Well, as it turns out, barely a year later, the 2006 elections proved Old Boss Sweeney was right.

Now, Stern's got egg on his face. His gang hasn't grown much and he's back to backing politicians with millions of dollars.

Over the last couple of years, as though having taken a lesson from The Godfather, Boss Sweeney's been patiently lining up his new crew, the California Nurses Association, and waiting for the right time to strike back.

That day came a few weeks ago, when the CNA went to Ohio and snatched 8,000 workers from the SEIU in an SEIU-staged election.

Predictably, like Sonny Corleone whose temper always got the best of him, the younger Stern struck back by sending SEIU thugs to the Labor Notes conference to disrupt in typical SEIU fashion, but it backfired...A woman went to the hospital, an SEIU member died, and its been a PR war ever since.

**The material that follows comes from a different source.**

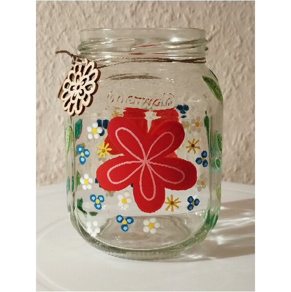 mit wasserfester Acrylfarbe Handbemaltes Glas (Marmeladenglas)
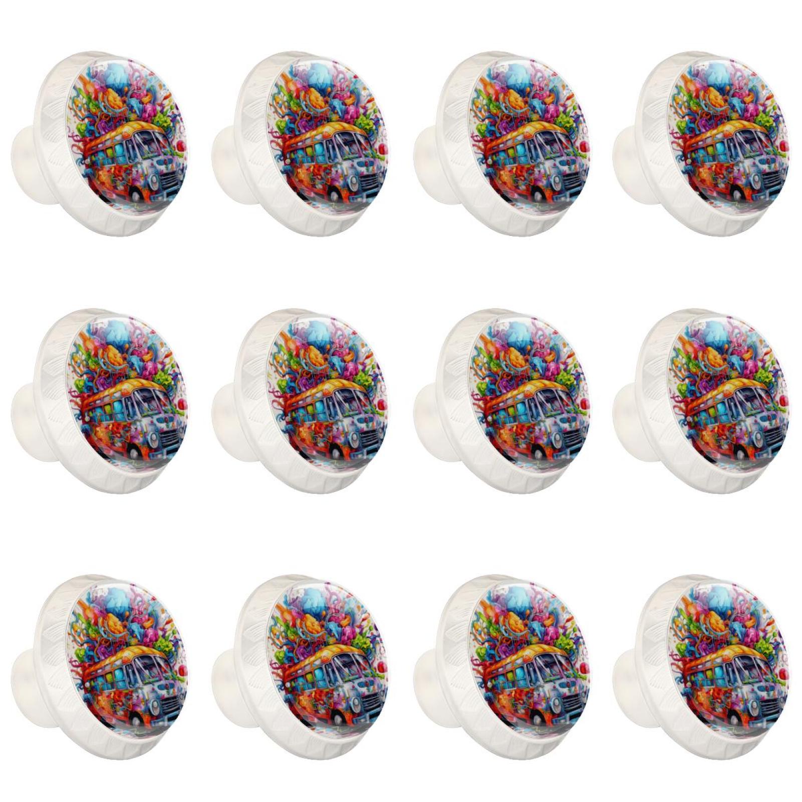 Brain Car 12 Pcs White Round Drawer Pulls with Screws ABS and Glass

Unfortunately for Stern, Boss Sweeney's got the upper hand in this war, his moral authority ratings are slightly higher in the world of labor opinion (not that that really matters).

However, until Andy Stern grows up and offers his old boss an apology and kisses Boss Sweeney's ring, it appears that the mud-slinging will continue between the SEIU and AFL-CIO's CNA.

In the meantime, although we wish we had some buttery popcorn, we are having fun watching the melee and reading the dueling press releases. Everyday more mud is thrown and more flesh exposed by this hypocritical internecine war, the more the public sees today's unions for what they are: Parasites living off the blood of America's productive workers.